## 💻 UnpackAI DL201 Bootcamp - Week 3 - NLP pipelines

### 📕 Learning Objectives

* Getting working examples able to achieve the main NLP tasks
* Knowing the existence of Hugging Face and the strenth of its pre-trained models and all-in-one pipelines

### 📖 Concepts map

* Pipeline

In [6]:
# import (use not verbose mode : ex "import -Uqq pandas as pd" if you are sure that there is no dependency error)

import os
from pathlib import Path
from transformers import pipeline

In [3]:
# import data and images if necessary, and choose the right path
is_kaggle = False   # True if you are on Kaggle, False for local Windows, Linux or Mac environments.

if is_kaggle:
    !pip install -Uqq transformers==4.10.2
    IMAGE_DIR = Path('/kaggle/working/DL201/img')
    DATA_DIR = Path('/kaggle/working/DL201/data')
else:
    # This section is for local execution, it is assumed that the notebook is on the 'Week-2' folder
    # of the DL201 repository.
    DATA_DIR = Path('../data')
    IMAGE_DIR = Path('../img')

# finally, check if we found the right pathes
if os.path.isdir(DATA_DIR):
    print(f'DATA_DIR is a directory, its path is {DATA_DIR}')
else:
    print("ERROR : DATA_DIR is not a directory")

if os.path.isdir(IMAGE_DIR):
    print(f'IMAGE_DIR is a directory, its path is {IMAGE_DIR}')
else:
    print("ERROR : IMAGE_DIR is not a directory")

DATA_DIR is a directory, its path is ..\data
IMAGE_DIR is a directory, its path is ..\img


# Part 1. Introduction

Giving working example able to inspire you to build your own AI project

Hugging Face made available all-in-one ***pipelines*** including all the main steps of NLP.
https://huggingface.co/course/chapter2/2?fw=pt
* choosing a pre-trained model
* adapting the input text into this model (tokenization, vectorization) 
* running the model on the transformed input data
* adapting the model answer to human beings (ex : de-tokenization, to get an output text from an output vector or numbers)

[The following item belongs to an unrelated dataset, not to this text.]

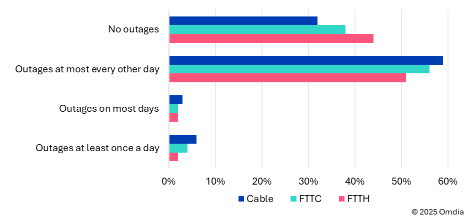 澳大利亚的NBN Co就是一家报告了其运营的不同网络故障率的运营商。2025年5月,其cable网络每天至少断网一次的连接比例为6%,而FTTP仅为2%,光纤到路边(FTTC)连接为4%(见图2)。该运营商还报告称,2022年其cable网络的服务保障上门维修率(即为解决仅一个住所的问题而进行的上门维修)几乎是FTTP网络的两倍。在NBN Co的2022财年,每100个活跃cable服务大约需要0.65次服务保障上门维修,而每100个活跃FTTP服务则需要大约为0.35次。服务保障上门维修占总上门维修的绝大部分,但也包括一些针对影响多个用户的网络保障服务上门维修。

Once the pipeline works, you can decide to tune it, more and more, little by little, as one would do to transform their car for a speed race.
So, you can decide to :
* fine tune the model or train it from scratch (instead of using pre-trained model)
* using a tokenizer from your own (instead of the default one)
* clean the training data before feeding the model


# Part 2. Example of question answering

In [None]:
question_answerer = pipeline("question-answering")

In [None]:
question_answerer(
    question="Where do I work?",
    context="My name is John and I work at unpackAI in Beijing."
)

In [None]:
print(my_answer.answer)

# Part 3. Example of Sentiment Analysis

In [8]:
classifier = pipeline("sentiment-analysis")

In [8]:
sentence_list = [ "I've been waiting for a HuggingFace course my whole life.","I hate this so much!"]

In [None]:
my_answer = Classifier (sentence_list)

In [None]:
print(my_answer.label)

# Part 4. Example of Text Generation

In [None]:
generator = pipeline("text-generation")
generator(
    "In this course, we will teach you how to utilize NLP",
    max_length=30,
    num_return_sequences=2
)

# Part 5. Example of Named Entity Recognition (NER)

Named Entity Recognition (NER) is the task of identifying and categorizing key information (entities) in text. An entity can be any word or series of words that consistently refers to the same thing. Examples could be entities such as person (PER), organization (ORG), date (DATE), location (LOC), or more.

In [None]:
ner_pipeline = pipeline("ner", grouped_entities=True)

In [None]:
ner_pipeline("My name is John and I work at unpackAI in Beijing.")